There are a few kinds of creature movies when we’re talking about real-world creatures. Jaws is the classic version of a big creature going on a rampage, and most other films of the same vein are pale shadows (Orca and Grizzly come to mind). There are also the classic giant vermin films that have good examples (Them, for instance) and plenty of terrible ones (The Deadly Mantis, The Killer Shrews, Night of the Lepus, and The Giant Leeches to name a few). And then there are swarm movies. Phase IV, Squirm, Frogs, Piranha, Kingdom of the Spiders and more fit into this category. That’s the category for Willard, with the swarm being rats.

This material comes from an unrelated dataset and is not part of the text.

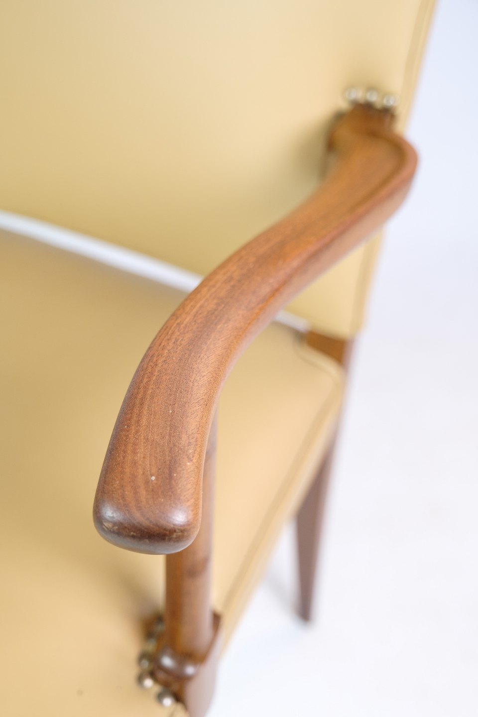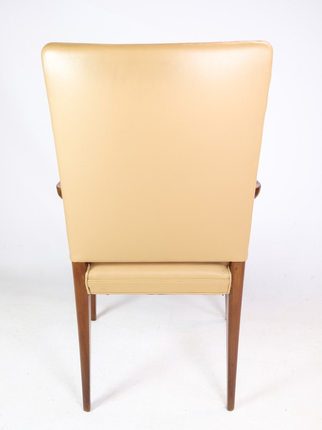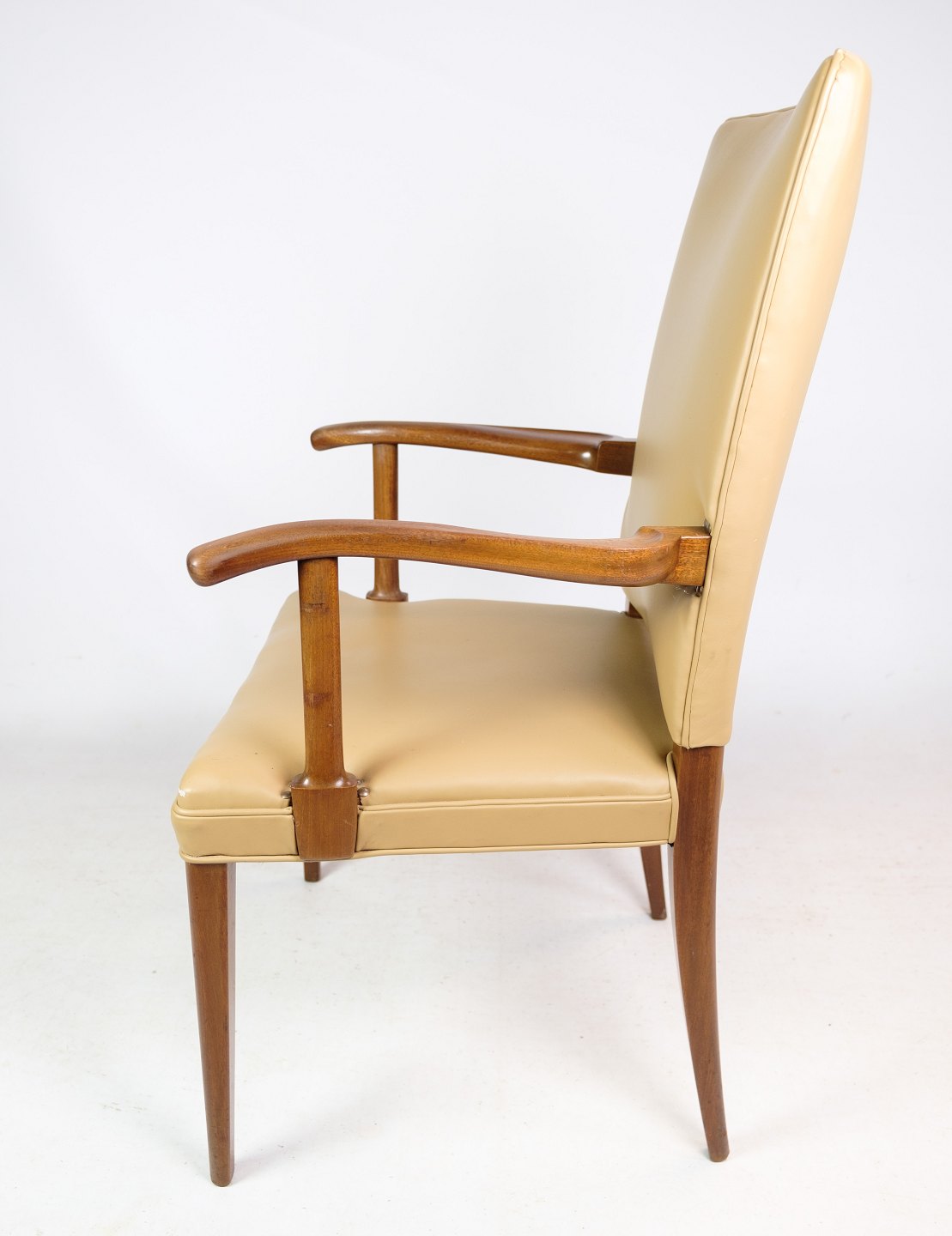 Armstol, designet af Jacob Kjær i træsorten mahogni med lyst ny polstret læder fra omkring 1950'erne. En stol med god sidde komfort og i meget fin stand.

Willard Stiles (Bruce Davison) is an introvert and something of a loser. Is job is at a plant that was started by his father but taken over by a man named Martin (Ernest Borgnine), who treats Willard terribly in the hopes of getting him to quit. Willard lives with his shrewish mother (Elsa Lanchester) in a dilapidated house that she constantly demands he fix. One of those fixes is getting rid of a nest of rats. Willard attempts to drown them but takes pity on them instead and keeps them in a shed. Slowly, he learns to like the rats, and has a favorite named Socrates. He also has a rat named Ben, who seems to have more a dark influence over him and his thoughts.

With the rats as the main positive in his life, the rest of Willard’s world spirals out of control. His mother dies, leaving him not money but a pile of debt. The house is going to be foreclosed on, and his boss desperately wants to buy it to knock it down and put up an apartment building. Willard, though, wants something like revenge. He’d also like a life with Joan (Sondra Locke), a temporary worker at his office.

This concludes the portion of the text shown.